Support for LLaMA-2 #23

Open junzhang-zj opened 1 year ago

junzhang-zj commented 1 year ago

I couldn't reach 'allenai/c4' on the Hub.

junzhang-zj commented 1 year ago

I have solved the data problem, but I ran into a new problem. I used wanda to prune LLaMA-2-13B and got a zero score on rouge-2 of CNN/DM, my perplexity of C4 on unstructured pruning is high to 56050.3008.

Eric-mingjie commented 1 year ago

Hi, we just updated the repo supporting pruning LLaMA-2 model, see here for the corresponding command. We also provide the results from our own run.

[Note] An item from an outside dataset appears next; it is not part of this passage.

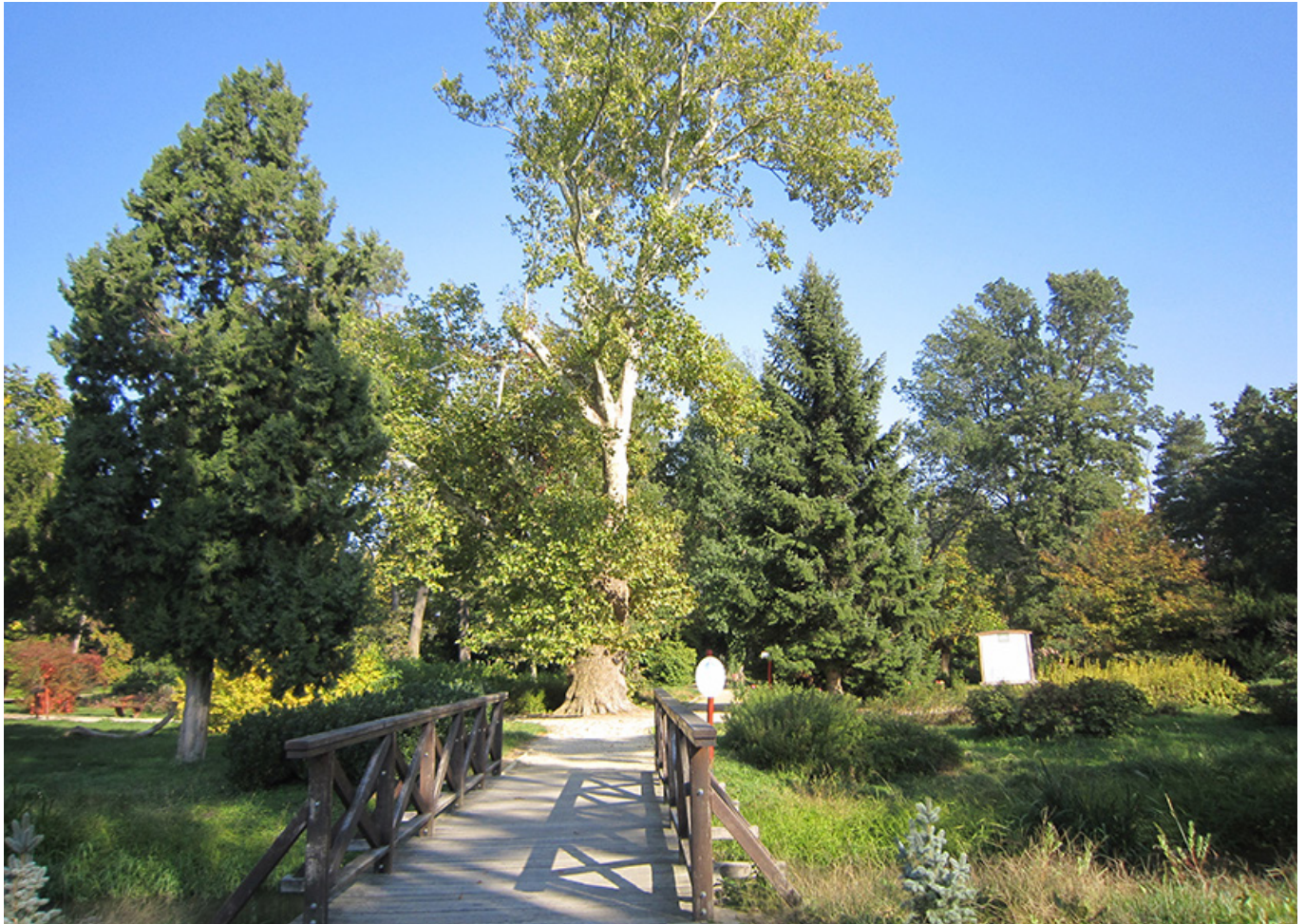
Kámoni Arboretum, Szombathely

junzhang-zj commented 1 year ago

@Eric-mingjie Thanks!

junzhang-zj commented 1 year ago

@Eric-mingjie Is the performance of ppl related to the environment, I still get poor results on LLaMA-2.

Eric-mingjie commented 1 year ago

I think for LLaMA-2, i used the transformers library with version 4.34.0.dev0 to load the models. I used this commit 0a55d9f7376f72ad3ff296d4249840021b03bcc4 on the main branch specifically. What ppl number do you get?

junzhang-zj commented 1 year ago

My environment is transformers 4.34.0.dev0, accelerate 0.24.0.dev0 and I get ppl 146760.7188 and now a lot of cuda errors.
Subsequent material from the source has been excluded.